Нет, сразу встал. Что-то с головой. Умираю. Обносит слабостью. Стоять – ноги не держат, лежать – тошнит, голова падает в тёмное, с искорками, пространство. Сижу. К печке привалился – от неё могильный холод: зиму не топили.

Надо завещание написать. Какое завещание, не смеши людей! Ничего ты не нажил. А если есть какое наследство, на то есть умная жена и хорошие дети.

Вот, оказывается, как умирают… А столько читал о смертях. Так читал же о монахах, молитвенниках! А наш брат, серый народ, умирает простенько. Вот остановится сердце, и всё. Господи, спаси и помилуй!

Попробую сидя дремать. Да, уже опять ночь. Что это? Или ещё первая не прошла, или новая наступила? Сколько же я тут? Сутки или больше? Какое-то безсознание.

Свечи освещают иконы. Очков нет. На память читаю молитвы, какие помню. Рвётся и память. Тысячи раз читал Покаянный канон, а сбиваюсь. Что, моя хвалёная память, захромала?

Очнулся. Утро. А утро ли? Вроде опять темнеет? Значит, опять вечер? Значит, день проспал? Или пять минут дремал? Нет, не пять: все свечи в тарелках догорели до корешка. Одна, толстая, мерцает. Какое-то тупое безразличие. Перечитал написанное. Смешно: завещание хотел писать. Небо как свиток совьётся, земля и всё, что на ней, сгорит, всякое железо сгорит, а ты туда же с клочком бумажки.

А ведь вправду вечер. Хорошо, что свечей много. Но вряд ли они эту холодину поборют. Термометр есть, но нет очков. Может, градусов восемь-десять. Свечка эта толстая спасла, лампада-то погасла. Где масло, не помню. Место мне среди пяти уродивых дев.

Свечи зажёг. Опять всё осветилось. Дров у печки нет, дрова на улице, да и все из-под снега. Не разгорятся. Печка страшно холодная, ещё и от неё леденит.

Деточки милые, ничего я не нажил, только на одно надеюсь, что будете хоть иногда вспоминать. Я вас очень любил, больше жизни любил. Но почему «любил»? Люблю, с любовью к вам умираю.

Сидел и силился вспомнить число и день недели. Какой год – неважно, да и число тоже, а вот что сегодня? Вторник? Среда? Нельзя мне, если доживу, пропустить Лазареву субботу, Вербное воскресенье и начало жизни в Страстной седмице. Но это всё за такими горами, на которые нет сил подняться.

Конечно, надорвался от тяжести. Дурак – он и умирает по-дурацки: нельзя же было после стольких операций хвататься за бревно! Тебе говорили: не больше трёх килограммов. Мало ли что батюшка благословил сжечь этот огромный холм отходов от строительства часовни, дома, говорил же: «Ты потихоньку, сколько успеешь, столько и ладно». Мне же всегда надо больше всех.

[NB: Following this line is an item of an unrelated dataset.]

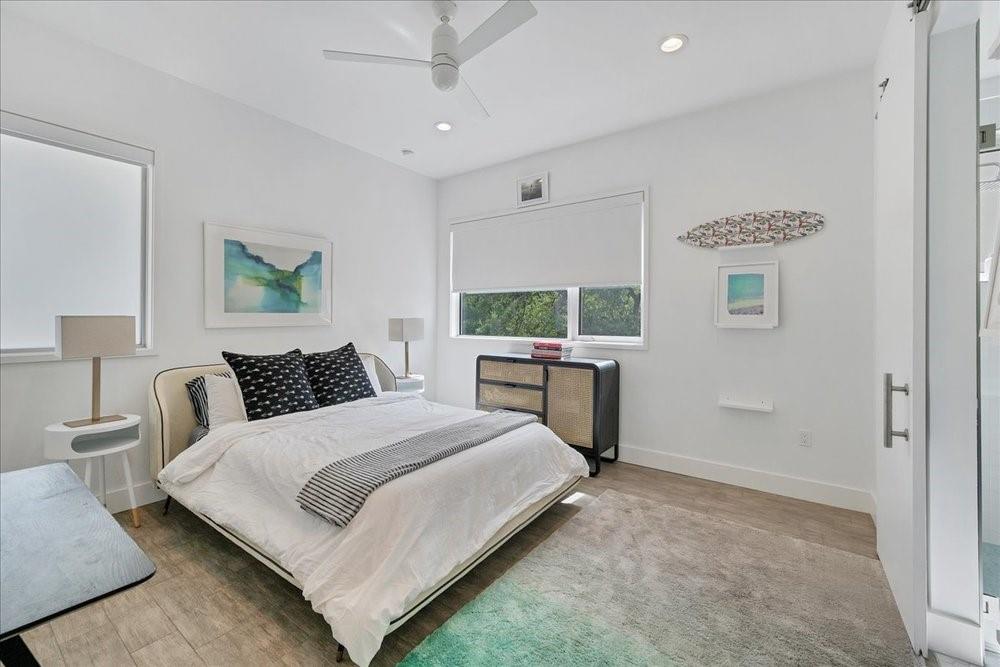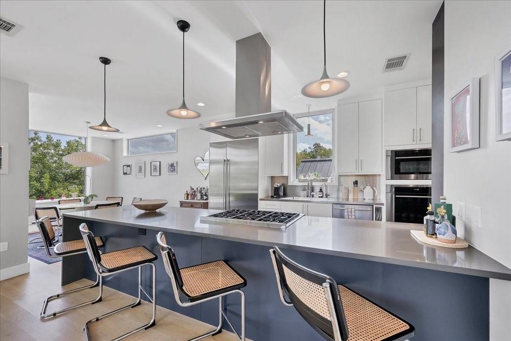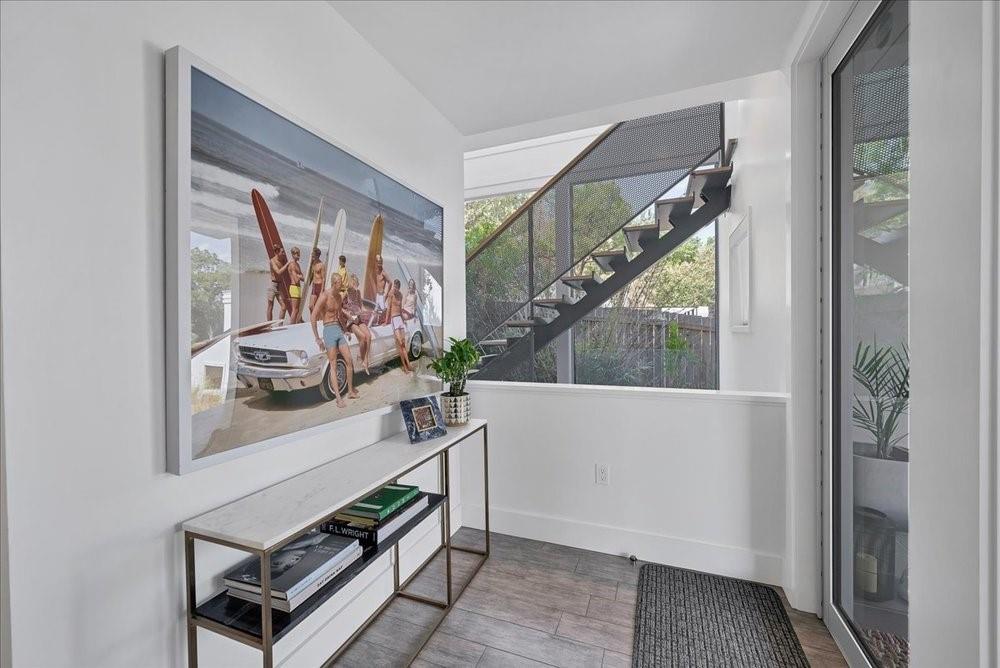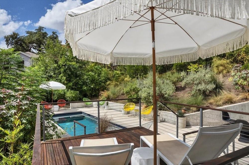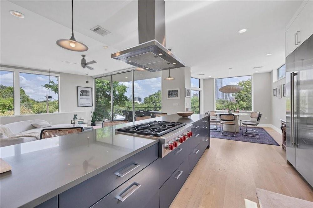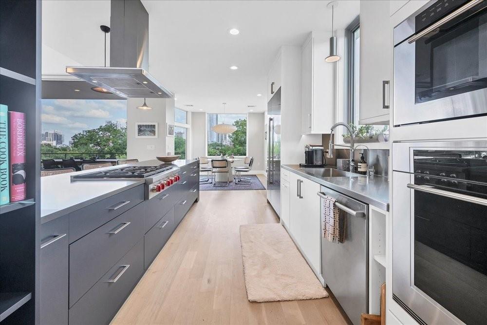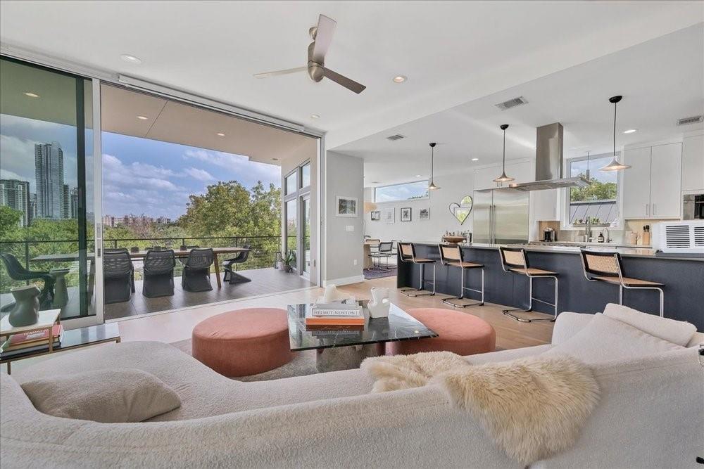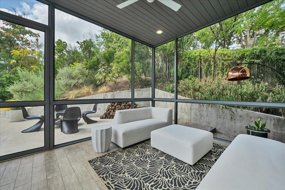 Stunning modernist home located within the desirable Travis Heights neighborhood boasting Downtown views and a truely walkable location. Situated just steps away from the picturesque shores of Lady Bird Lake, this property offers a truly exceptional living experience. As you step inside, you will be captivated by the high-caliber custom design that exudes perfection at every turn. The functional outdoor living spaces include expansive balconies and a screened porch, providing ample opportunities to enjoy the beautiful surroundings. The attention to detail is evident throughout with features such as 5" white oak flooring, custom cabinetry, steel accents, and top-of-the-line Wolf and Sub Zero appliances. The sustainable design of this home ensures a low cost of ownership. From its high elevation and north-facing orientation to its unparalleled craftsmanship and commercial-grade construction, every aspect has been carefully considered. Additionally, the property boasts a remarkable 2500-gallon rain collection system that enables the entire home to run off reverse osmosis rainwater. Investors will appreciate the STR (Short-Term Rental) investment opportunity that comes with projected annual NET revenue of $130k adding another layer of appeal to this already outstanding property. Plans to add an extra bedroom, connecting the pool area to the back bedroom, to convey with sale.

Дрожь бьёт. Рука, видно по кривой строке, косым буквам, трясётся. Озяб. Ногам в ботинках холодно. Вчера промочил.

Так сколько же я здесь? Ночь, две? День, два? Три?

Господи, помоги затопить печку. Ну уж это стыдно просить: самому надо. Ну-ка соберись, не будь нюней! А то скажут внукам: ваш дедушка и печку не сумел истопить, умер в холодной избе.

Видимо, сегодня среда всё-таки. Батюшка обещал приехать за мной утром рано в субботу.

Но чего считать дни – может, и часов не осталось. Как подпирает слабость! Наша сила в нашей слабости? Так это о женщинах. А вот если бы тут была жена и ради неё надо было согреть избу, то как? Ведь истопил бы. Да, ради любимых нашёл бы силы. Ну и для себя найди! Ты же любимый у Господа.

Сидел, голова падала, с трудом поднимал. Увидел вдруг в красном углу, на полу, бутылку с лампадным маслом. Начнём оживание с лампады.

Зажёг! Вроде и руки не трясутся. Нет, опять вибрируют. В окне на улице день. Всё-таки день. По солнцу понимаю, что идёт к обеду. Да, солнышко. С ним повеселей.

А как бы дойти до моей берёзы, поившей меня раньше! Тут, на полочке, даже сохранился маленький лоточек из нержавейки, который аккуратно вколачивал в ствол. И капало. Днём побыстрее, к вечеру замирало. Да, вот сок земли, выкачанный корнями берёзы, меня бы оживил.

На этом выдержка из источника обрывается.